Further, the first metal diaphragm 17A and the second metal diaphragm 17B are provided with the first recess portion 25A and the first recess portion 25B, and the second recess portion 27A and the second recess portion 27B projecting toward the interior space 21 side at positions facing each other so that the contact positions of the metal diaphragms can be set clearly and easily, whereby the respective metal diaphragms can be produced at a low unit cost.

As illustrated in FIG. 6, an abutting point CT of the first recess portion 25A of the first metal diaphragm 17A and the first recess portion 25B of the second metal diaphragm 17B is set on the outer peripheral side of an apex CV of the first recess portion 25B of the second metal diaphragm 17B to obtain the following advantages. That is, when a pressure higher than the second set pressure P2 is applied to the first metal diaphragm 17A and the second metal diaphragm 17B, compared with component force in the direction toward the outer peripheral side received by the first recess portion 25B of the second metal diaphragm 17B, reaction force received from the contact point CT is large, whereby force to the welded portion 23 as a fixed portion becomes small. Therefore, the stress of the welded portion becomes small so that the durability of the welded portion 23 can be improved.
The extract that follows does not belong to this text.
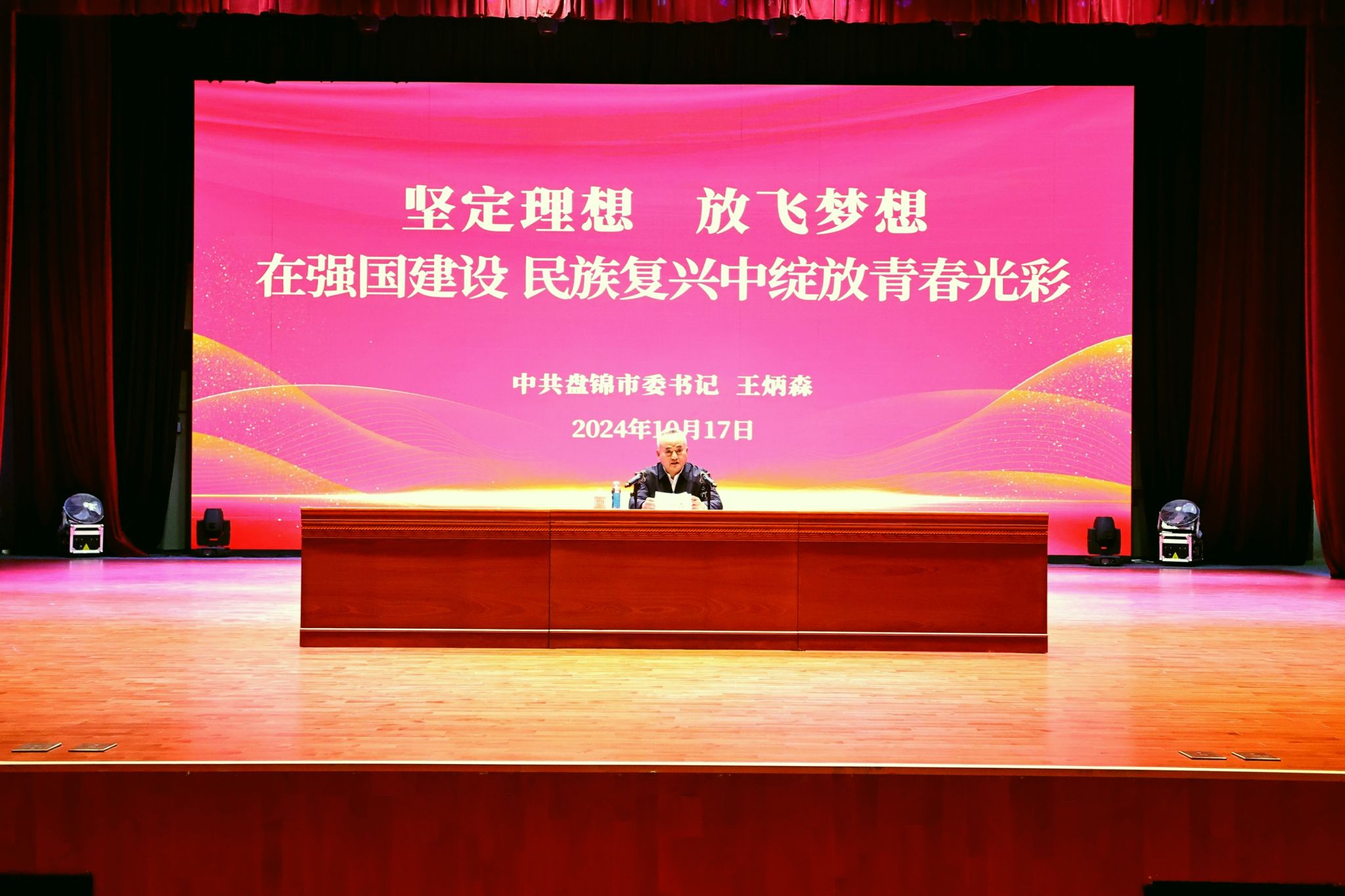 10月17日,盘锦市委书记王炳森到大连理工大学盘锦校区,以“坚定理想、放飞梦想,在强国建设、民族复兴中绽放青春光彩”为题,就深入贯彻落实习近平总书记对学校思政课建设作出的重要指示精神,感悟新时代以来党和国家事业的伟大成就,和师生们进行深入交流,激励广大学生进一步增强实现强国建设、民族复兴伟业的信心和决心,更好投入时代洪流、肩负时代使命,争做堪当时代重任的新时代青年,为伟大时代、伟大事业做出应有贡献。

In the present embodiment, there has been described the pulsation damping member 17 in which two recess portions (bent portions) drawn toward the interior space 21 side are provided on each of the first metal diaphragm 17A and the second metal diaphragm 17B and the two recess portions are brought into contact with each other when the brake hydraulic pressure is applied. However, one or more bent portions drawn toward the interior space 21 side may be formed on each of the first metal diaphragm 17A and the second metal diaphragm 17B. When two or more bent portions (e.g., two to five bent portions) are formed, it is important to successively bring into contact from the outer peripheral side.

Second Embodiment

Next, a second embodiment of the present invention will be described. It is basically the same as in the first embodiment, and the difference is that an edge portion on an outer peripheral side is folded back to one side surface.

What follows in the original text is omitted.